++++ Supplied material ++++
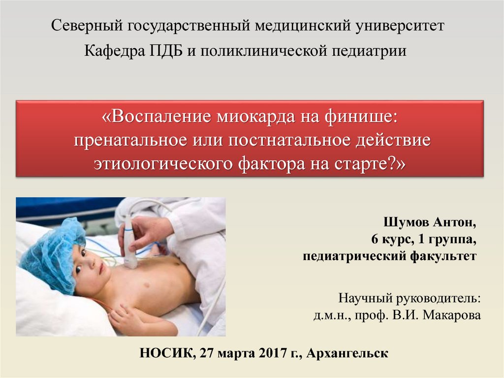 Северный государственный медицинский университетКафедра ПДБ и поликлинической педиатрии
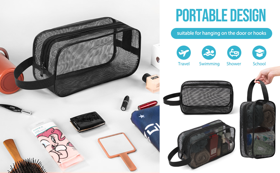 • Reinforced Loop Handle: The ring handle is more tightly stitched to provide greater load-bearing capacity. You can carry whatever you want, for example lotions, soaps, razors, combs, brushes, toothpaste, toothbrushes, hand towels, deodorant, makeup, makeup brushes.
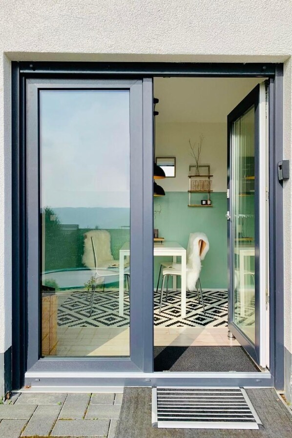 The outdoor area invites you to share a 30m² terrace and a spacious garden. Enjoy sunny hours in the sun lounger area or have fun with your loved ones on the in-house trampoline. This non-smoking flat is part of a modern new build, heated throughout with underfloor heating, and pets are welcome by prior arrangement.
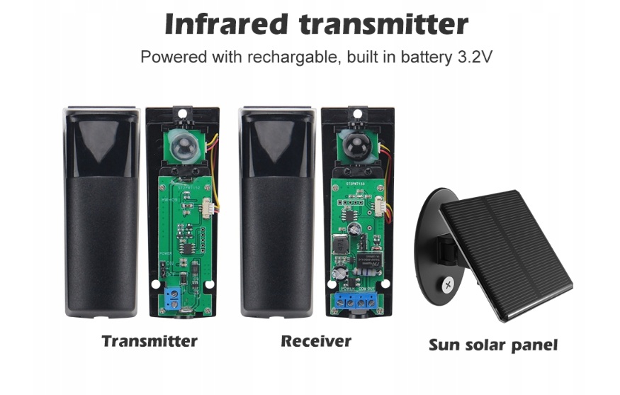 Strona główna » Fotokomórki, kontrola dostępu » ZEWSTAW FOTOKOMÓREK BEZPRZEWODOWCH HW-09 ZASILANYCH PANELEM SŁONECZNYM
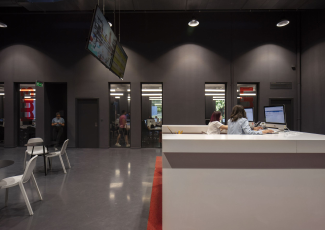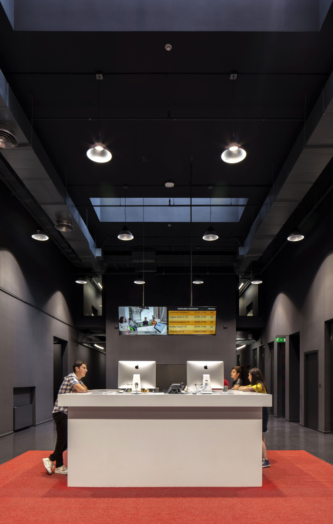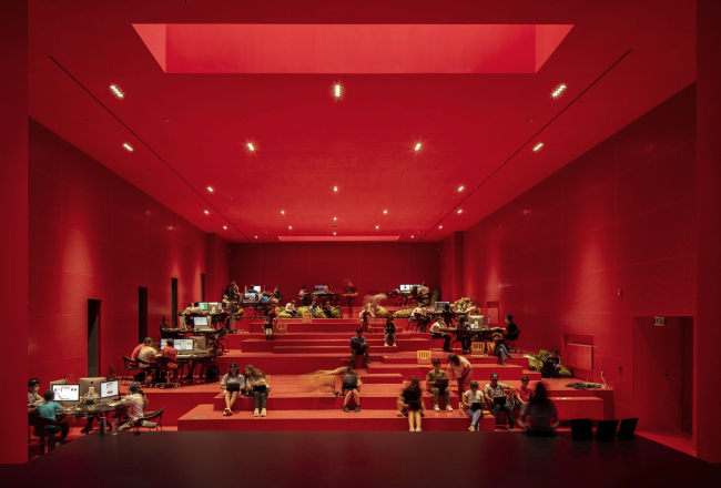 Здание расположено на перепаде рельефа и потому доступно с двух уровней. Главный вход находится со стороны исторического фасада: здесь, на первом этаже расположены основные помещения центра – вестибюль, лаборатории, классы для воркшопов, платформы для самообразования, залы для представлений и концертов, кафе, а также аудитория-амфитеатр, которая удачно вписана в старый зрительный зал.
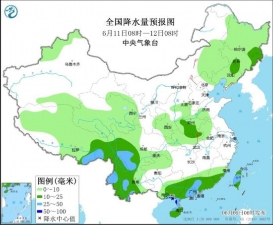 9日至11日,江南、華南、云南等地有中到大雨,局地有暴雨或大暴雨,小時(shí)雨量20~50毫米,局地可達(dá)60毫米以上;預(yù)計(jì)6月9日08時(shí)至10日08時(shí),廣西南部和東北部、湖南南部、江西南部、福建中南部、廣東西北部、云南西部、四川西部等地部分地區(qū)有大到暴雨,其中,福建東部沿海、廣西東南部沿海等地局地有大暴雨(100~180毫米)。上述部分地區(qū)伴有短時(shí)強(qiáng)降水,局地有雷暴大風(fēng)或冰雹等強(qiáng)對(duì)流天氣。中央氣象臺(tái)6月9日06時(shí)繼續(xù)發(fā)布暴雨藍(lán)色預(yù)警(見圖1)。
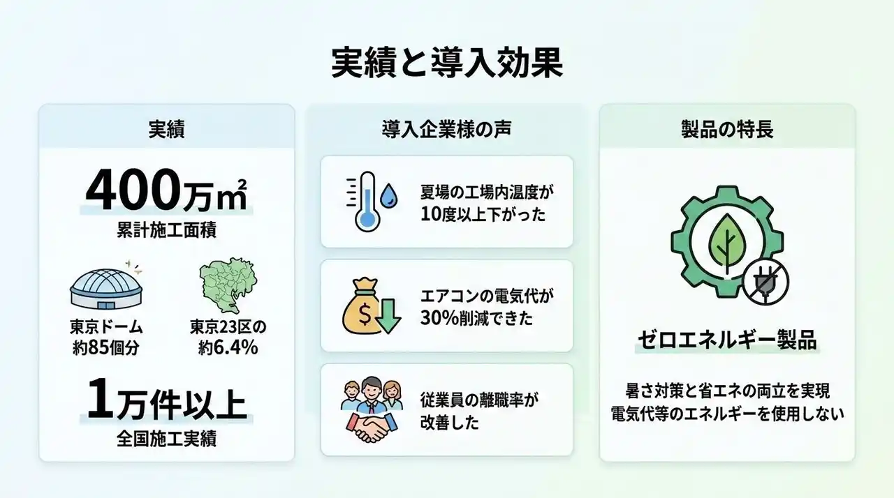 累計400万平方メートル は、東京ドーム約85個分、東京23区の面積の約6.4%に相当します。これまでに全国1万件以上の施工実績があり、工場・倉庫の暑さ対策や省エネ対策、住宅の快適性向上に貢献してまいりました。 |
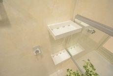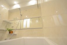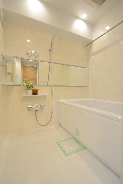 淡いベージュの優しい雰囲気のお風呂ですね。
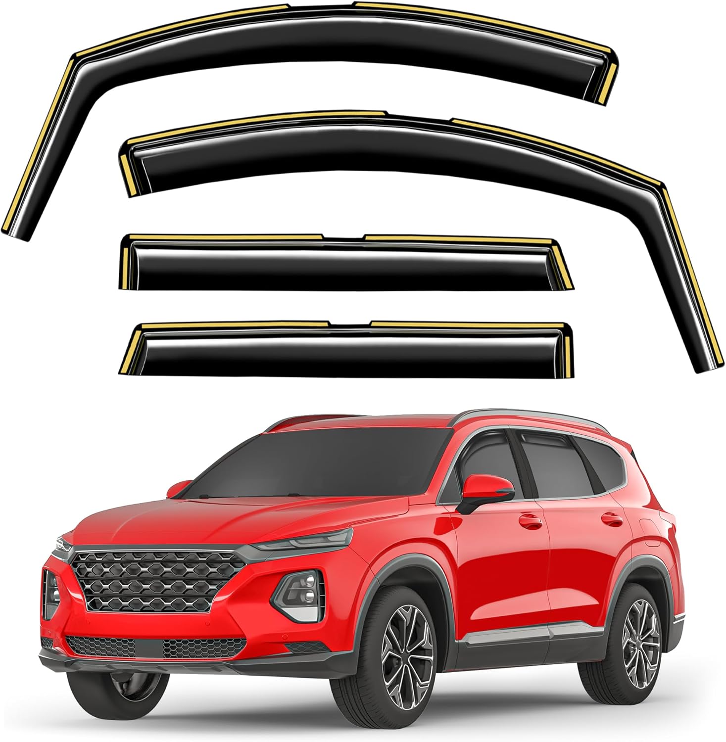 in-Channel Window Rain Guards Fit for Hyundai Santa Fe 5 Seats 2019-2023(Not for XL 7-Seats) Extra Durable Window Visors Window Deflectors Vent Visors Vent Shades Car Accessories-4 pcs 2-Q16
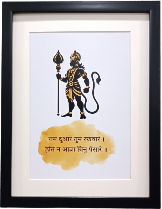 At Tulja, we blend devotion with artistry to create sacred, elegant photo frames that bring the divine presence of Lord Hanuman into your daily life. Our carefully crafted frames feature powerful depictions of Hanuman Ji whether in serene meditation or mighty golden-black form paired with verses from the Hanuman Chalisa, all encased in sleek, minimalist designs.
++++
§ Your goal:
Repeat all the records above exactly, leaving out any pictures.

§ Solution to this exercise:
 Северный государственный медицинский университетКафедра ПДБ и поликлинической педиатрии
 • Reinforced Loop Handle: The ring handle is more tightly stitched to provide greater load-bearing capacity. You can carry whatever you want, for example lotions, soaps, razors, combs, brushes, toothpaste, toothbrushes, hand towels, deodorant, makeup, makeup brushes.
 The outdoor area invites you to share a 30m² terrace and a spacious garden. Enjoy sunny hours in the sun lounger area or have fun with your loved ones on the in-house trampoline. This non-smoking flat is part of a modern new build, heated throughout with underfloor heating, and pets are welcome by prior arrangement.
 Strona główna » Fotokomórki, kontrola dostępu » ZEWSTAW FOTOKOMÓREK BEZPRZEWODOWCH HW-09 ZASILANYCH PANELEM SŁONECZNYM
 Здание расположено на перепаде рельефа и потому доступно с двух уровней. Главный вход находится со стороны исторического фасада: здесь, на первом этаже расположены основные помещения центра – вестибюль, лаборатории, классы для воркшопов, платформы для самообразования, залы для представлений и концертов, кафе, а также аудитория-амфитеатр, которая удачно вписана в старый зрительный зал.
 9日至11日,江南、華南、云南等地有中到大雨,局地有暴雨或大暴雨,小時(shí)雨量20~50毫米,局地可達(dá)60毫米以上;預(yù)計(jì)6月9日08時(shí)至10日08時(shí),廣西南部和東北部、湖南南部、江西南部、福建中南部、廣東西北部、云南西部、四川西部等地部分地區(qū)有大到暴雨,其中,福建東部沿海、廣西東南部沿海等地局地有大暴雨(100~180毫米)。上述部分地區(qū)伴有短時(shí)強(qiáng)降水,局地有雷暴大風(fēng)或冰雹等強(qiáng)對(duì)流天氣。中央氣象臺(tái)6月9日06時(shí)繼續(xù)發(fā)布暴雨藍(lán)色預(yù)警(見圖1)。
 累計400万平方メートル は、東京ドーム約85個分、東京23区の面積の約6.4%に相当します。これまでに全国1万件以上の施工実績があり、工場・倉庫の暑さ対策や省エネ対策、住宅の快適性向上に貢献してまいりました。 |
 淡いベージュの優しい雰囲気のお風呂ですね。
 in-Channel Window Rain Guards Fit for Hyundai Santa Fe 5 Seats 2019-2023(Not for XL 7-Seats) Extra Durable Window Visors Window Deflectors Vent Visors Vent Shades Car Accessories-4 pcs 2-Q16
 At Tulja, we blend devotion with artistry to create sacred, elegant photo frames that bring the divine presence of Lord Hanuman into your daily life. Our carefully crafted frames feature powerful depictions of Hanuman Ji whether in serene meditation or mighty golden-black form paired with verses from the Hanuman Chalisa, all encased in sleek, minimalist designs.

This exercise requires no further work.